A trail of digital tears



By Bruce Wallace


TOKYO: “I’m going to kill people in Akihabara. I’m going to crash into a crowd of people and when the car is down I’ll use a knife. Goodbye everyone” Text message believed to have been posted on the web by Tomohiro Kato at 5:21am the day seven people were slain in Tokyo’s Akihabara district.

In the days leading up to Sunday’s deadly violence, Tomohiro Kato is believed to have written hundreds of anonymous text messages posted from his cell phone to an Internet bulletin board, exposing intimate details of his unhappy life.

The writer complained that his parents ditched him when he reached high school, blaming his plummeting grades on their refusal to help him study. He lamented that he was ugly and had no girlfriend.

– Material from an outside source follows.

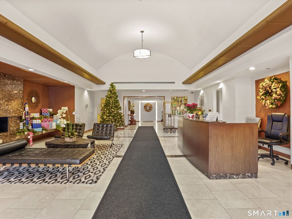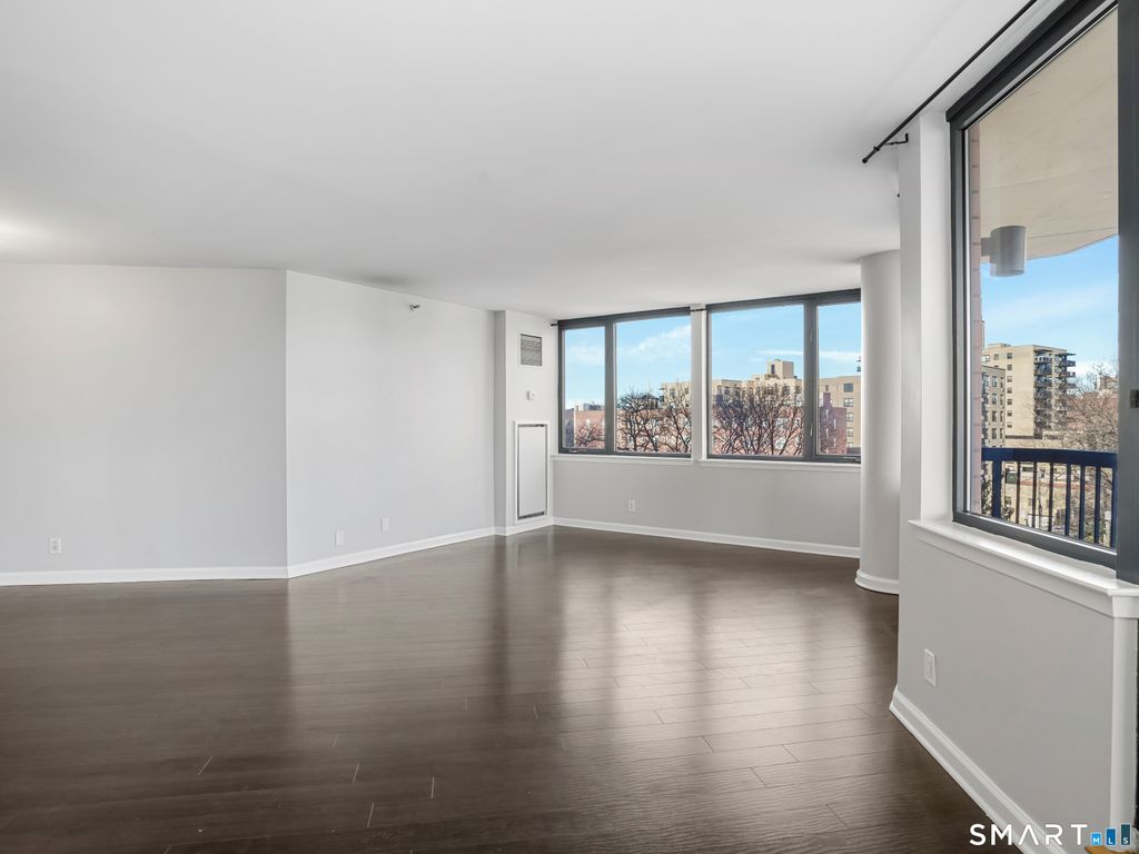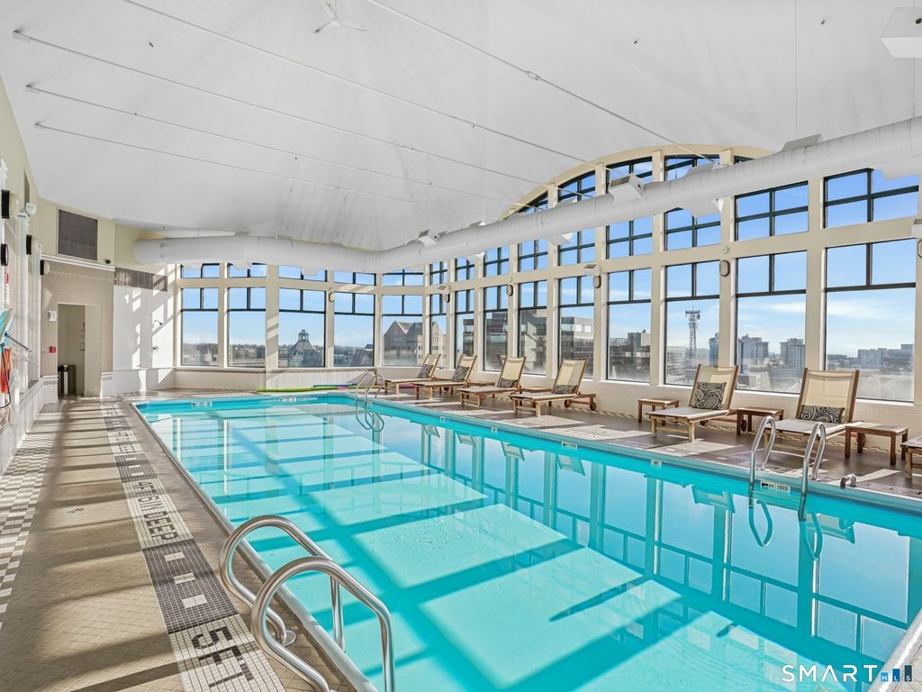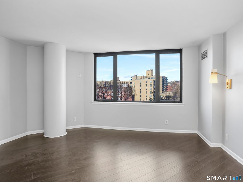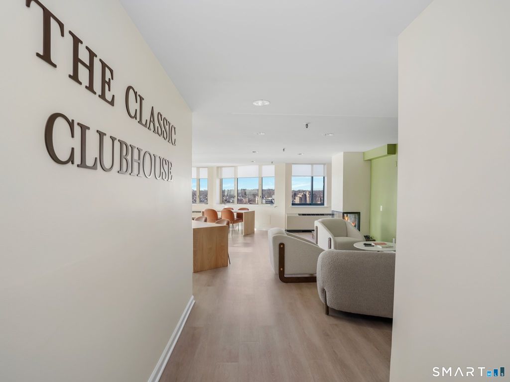 City lifestyle at its best! Located in the heart of downtown Stamford, just minutes to shopping, parks, beaches, popular restaurants and Metro North Train Station. The Classic offers a walkable city life with outstanding amenities that include 24/7 concierge, a glass enclosed rooftop pool overlooking the city, a "state of the art" fitness center and a newly renovated common area for entertaining and relaxing. In addition, there is a pet friendly green "park" off the 3rd floor, along with an area set up with outdoor grills for summer dining. This spacious 1 BR unit is the largest one bedroom floor plan in the building with two full bathrooms, and panoramic views of the city from the walls of windows. The open floor plan living area is perfect for a full sectional, a dining space, and a cozy corner for an office desk. Glass sliders lead to the private balcony, providing an additional outdoor space. The unit features all hardwood floors in a rich walnut color, stainless steel appliances and sleek black granite countertops in the kitchen, an updated ensuite bathroom/bedroom, and multiple closets with built-ins for storage. One deeded parking spot in the building garage is included. One hour from Stamford Metro North in to Grand Central.

“That’s the source of my problems,” police believe the 25-year-old temporary auto parts worker wrote. “I’m in a mood to kill people regardless of who they are.”

The warning was not enough to avert a rampage that left seven dead and 10 injured in the popular Akihabara district.

The internet can link people from around the block and around the world, but it can also, as Kato’s experience seems to show, be a lonely place, a black hole for data. Kato is now reportedly telling police that his repeated internet threats to kill people were a cry for help. If so, they had about the same effect as a man standing in a closet and screaming with a bucket over his head.

“Despite his appeal, nobody responded to him,” said Tokyo Gov. Shintaro Ishihara in an interview. The head of Japan’s massive metropolis has been a prominent critic of what he sees as the loss of old social ties and the atomisation of younger generations of Japanese. No amount of online living could compensate for Kato’s loneliness, he argued.

“He was in a virtual world,” Ishihara said. “He was not connected to anyone.”

Police believe Kato blogged about his progress as he traveled from his home 60 miles south of Tokyo to Akihabara, the capital’s sacred turf for digital youth culture.The chosen location is laden with significance.

Akihabara is Tokyo’s subversive neon playground for young Japanese males, the place they come for the pleasures of the maid cafes where young women dressed in tunics and lace cater to their non-sexual fetishes, or to browse for animated films and manga comics that drip with themes of sex and sexual violence.

Akihabara is also the cradle of Kato’s own kind: awkward loners devoted to cartoon worlds populated by animated characters and robots.

In the posts, Kato allegedly professed to be interested only in “two-dimensional girlfriends”.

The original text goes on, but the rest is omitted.